Undoubtedly, you’ve seen how personal crises arise in different forms and from different causes, and follow different trajectories. Some take the form of a single unanticipated shock—such as the sudden death of a loved one, or being fired without warning from your job, or a serious accident, or a natural disaster. The resulting loss may precipitate a crisis not only because of the practical consequences of the loss itself (e.g., you no longer have a spouse), but also because of the emotional pain, and the blow to your belief that the world is fair. That was true for relatives and close friends of the victims of the Cocoanut Grove fire. Other crises instead take the form of a problem buildi
ng up slowly until it explodes—such as the disintegration of a marriage, chronic serious illness in oneself or in a loved one, or a money-related or career-related problem. Still other crises are developmental ones that tend to unfold at certain major life transitions, such as adolescence, midlife, retirement, and old age.
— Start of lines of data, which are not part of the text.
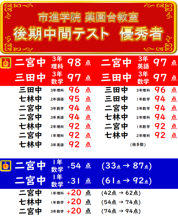 中3 二宮中 理科 98点 中1 二宮中 数学 +54点(33→87点)
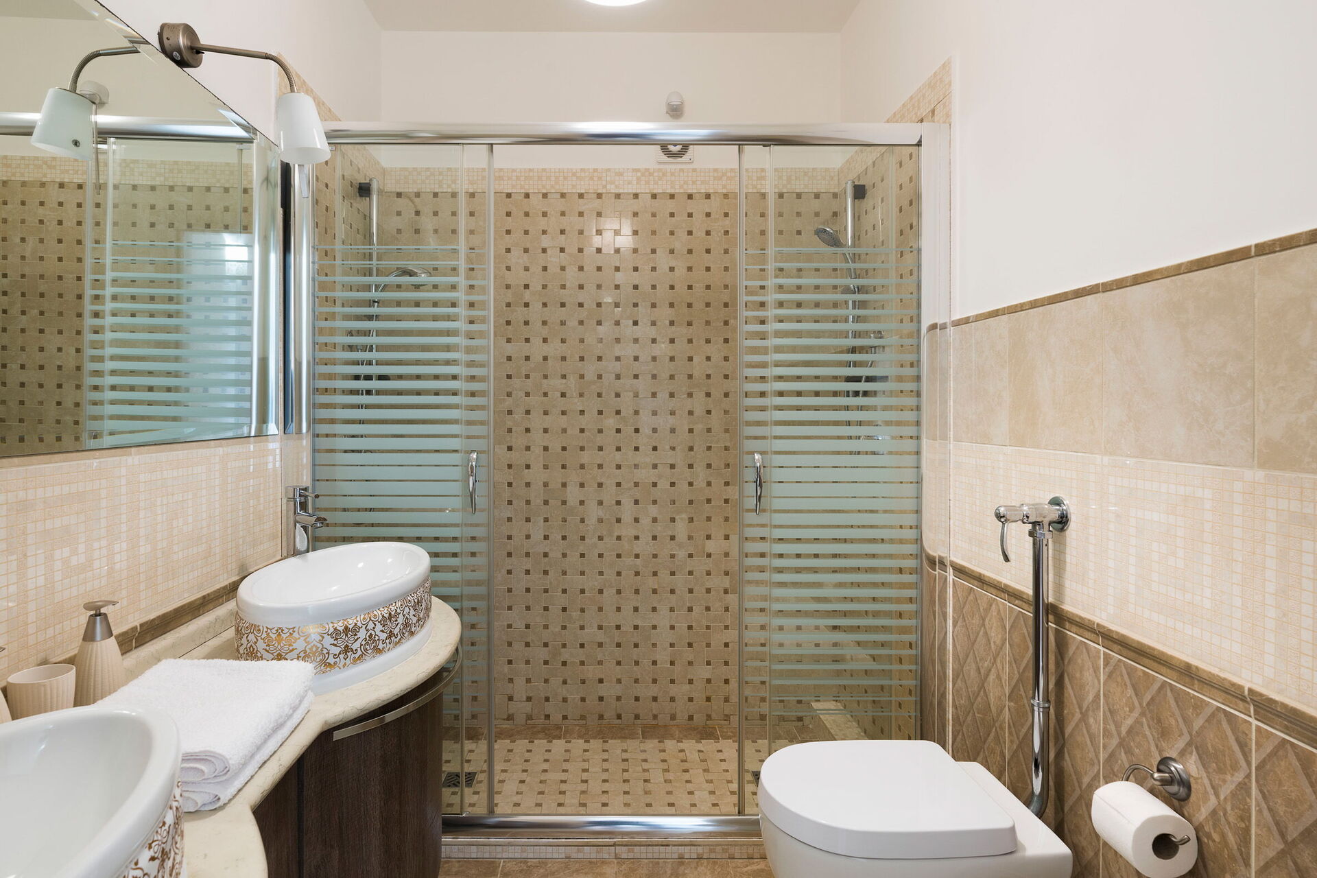 Erdgeschoss: Wohnzimmer mit Essbereich und Küche, 1 Doppelzimmer mit Bad mit Dusche, 1 Doppelzimmer, Zweibettzimmer, 1 Bad mit Dusche.
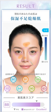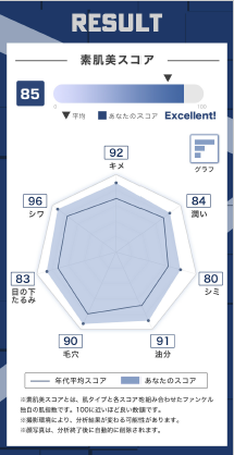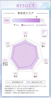 ・7つの肌タイプ(男性版は6つ)と7項目の肌状態の測定結果から、当社独自の肌指数「素肌美スコア」を算出します。結果は3カ月間保存できて、肌の変化を確認することが可能です。
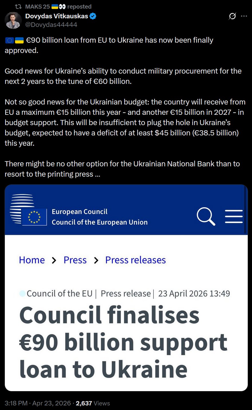 >>533707270the ukraine wonned a yuge loan>€90 billion loan from EU to Ukraine has now been finally approved. >Good news for Ukraine’s ability to conduct military procurement for the next 2 years to the tune of €60 billion. >Not so good news for the Ukrainian budget: the country will receive from EU a maximum €15 billion this year - and another €15 billion in 2027 - in budget support. This will be insufficient to plug the hole in Ukraine’s budget, expected to have a deficit of at least $45 billion (€38.5 billion) this year. >There might be no other option for the Ukrainian National Bank than to resort to the printing press …
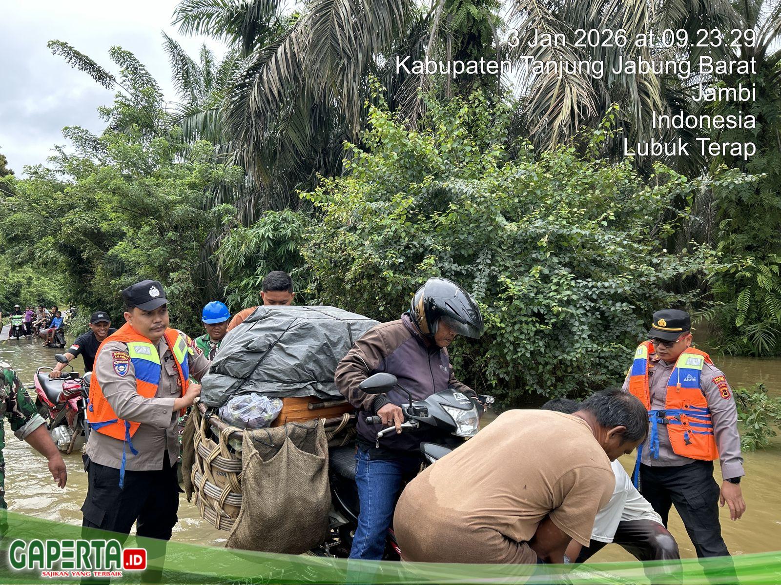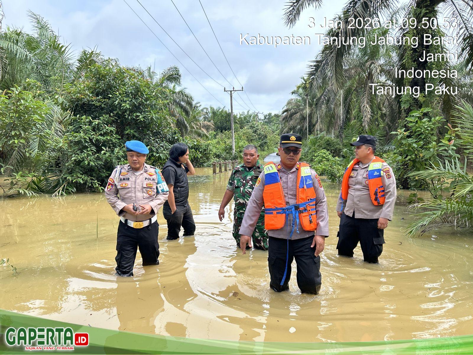 Kapolres Tanjung Jabung Barat AKBP AGUNG BASUKI, SIK., MM, melalui Kapolsek Merlung, AKP Agung Heru Wibowo, S.H., M.H., menyampaikan bahwa pengecekan dilakukan di beberapa lokasi strategis dan rawan genangan air, di antaranya Jalan Lintas Tengah Tebo–Merlung Desa Lubuk Terap, akses jalan menuju Merlung di Desa Tanjung Paku, serta Pasar Kalangan Desa Merlung, Kecamatan Merlung.

For instance, in a midlife crisis you may feel that the best years of your life are over, and you grapple to identify satisfying goals for the rest of your life.
Those are the different forms of personal crises. Among their commonest specific causes are relationship problems: a divorce, a break-up of a close relationship, or else deep dissatisfaction leading you or your partner to question continuing the relationship. Divorce often drives people to ask themselves: What did I do wrong? Why does he/she want to leave me? Why did I make such a bad choice? What can I do differently next time? Will there ever be a next time for me? If I can’t succeed in a relationship even with the person who is closest to me and whom I chose, what good am I at all?
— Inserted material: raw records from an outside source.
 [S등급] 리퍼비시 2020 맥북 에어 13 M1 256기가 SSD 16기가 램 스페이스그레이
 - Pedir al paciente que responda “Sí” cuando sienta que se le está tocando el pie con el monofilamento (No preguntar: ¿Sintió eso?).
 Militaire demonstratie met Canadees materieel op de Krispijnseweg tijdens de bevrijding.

Besides relationship problems, other frequent causes of personal crises include deaths and illnesses of loved ones, and setbacks to one’s health, career, or financial security. Still other crises involve religion: lifelong believers in a faith may find themselves plagued by doubt, or (conversely) non-believers may find themselves drawn to a religion. But, shared among all of those types of crisis, whatever their cause, is the sense that something important about one’s current approach to life isn’t working, and that one has to find a new approach.
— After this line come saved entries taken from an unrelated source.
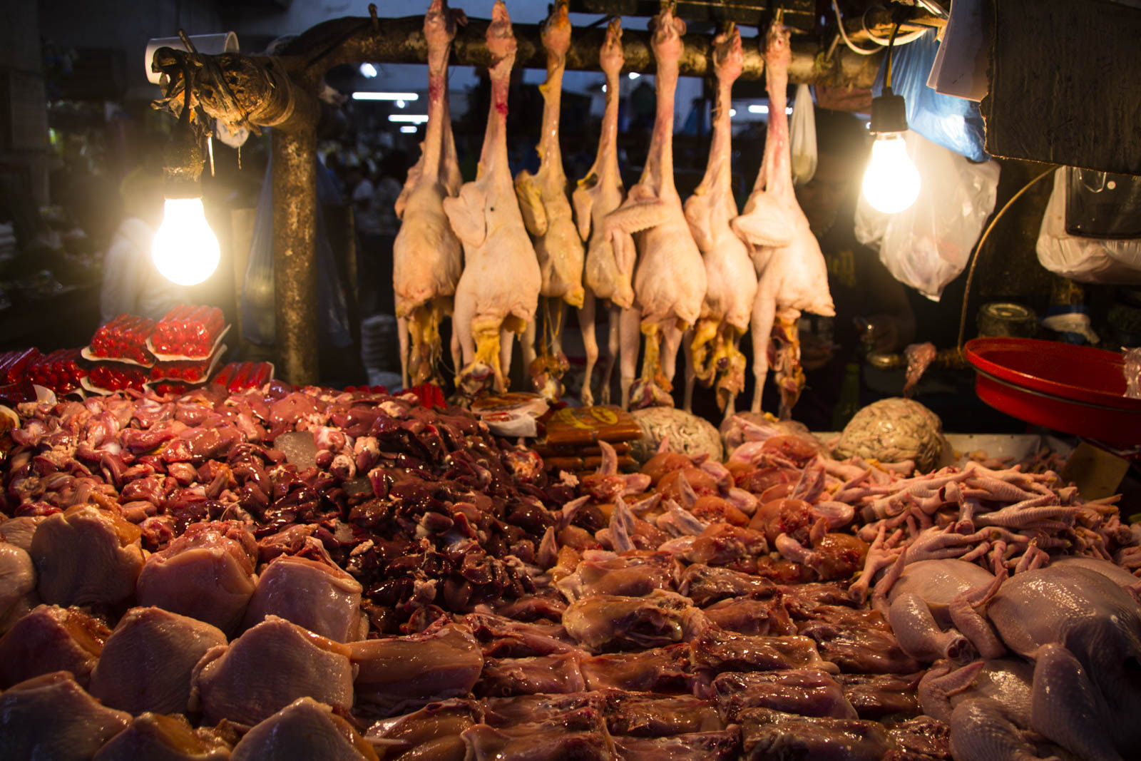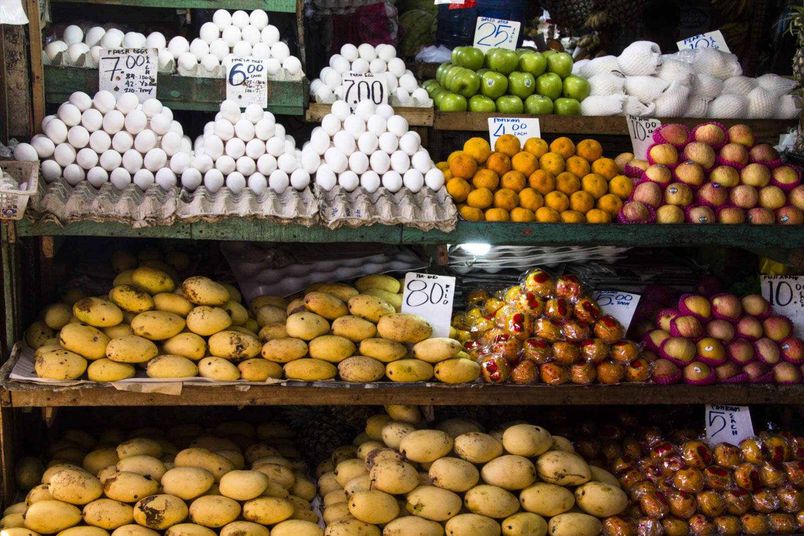 Tout autour de la grande halle, c’est d’abord toute la richesse fruitière des Philippines qui se rappelle à nous. Une profusion de bananes, d’ananas, de mangues jaunes, de papayes, de pastèques, de mandarines vertes, de fruits du jacquier parfois énormes, de kalamansi (calamondin en français), ces petits citrons verts au goût proche de la mandarine acide très usités dans la cuisine locale, mais aussi des poires et toute une gamme de pommes. Sans oublier, au milieu de tout ça, les œufs !
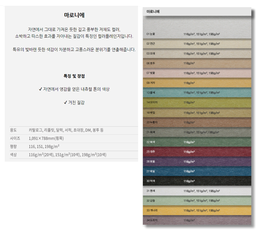 하드커버 싸바리용 또는 일반 소프트 커버용 종이 '마로니에'
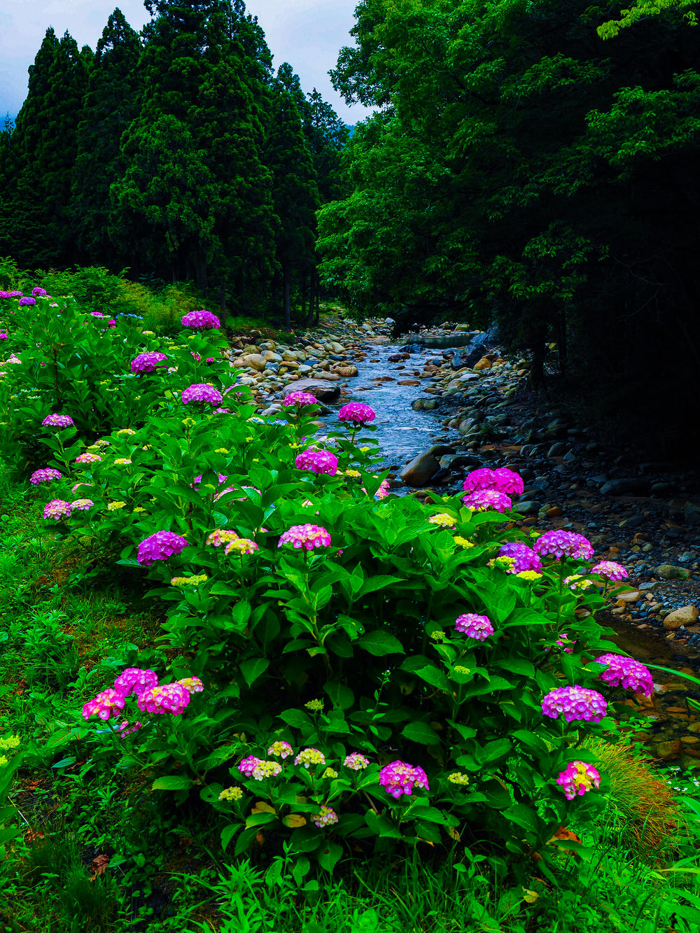 *滋賀県高島市富坂集落内を流れる鴨川沿いにある名前のない紫陽花園です。 由緒のある大庭園などではありませんが、「畑の棚田」撮影の帰りに通りかかったときに「はっ!」と思い立ち寄って撮影しました。 恐らく地元の方が丹誠を込めて咲かせたのだと思いますが、他所に負けないほど美しい場所で、穴場中の穴場です。

My own interest in personal crises, like that of many other people, stemmed initially from the crises that I’ve experienced myself or that I’ve seen befalling friends and relatives. For me, that familiar personal motive has been further stimulated by the career of my wife Marie, a clinical psychologist. During the first year of our marriage, Marie trained at a community mental health center, in which a clinic offered short-term psychotherapy for clients in crisis. Clients visited or phoned that clinic in a state of crisis, because they felt overwhelmed by a big challenge that they couldn’t solve by themselves. When the door opened or the phone rang at the clinic reception, and the next client walked in or began talking, the counselor didn’t know in advance what type of issue that particular person faced. But the counselor knew that that client, like all the previous clients, would be in a state of acute personal crisis, precipitated by their having acknowledged to themselves that their established ways of coping were no longer sufficient.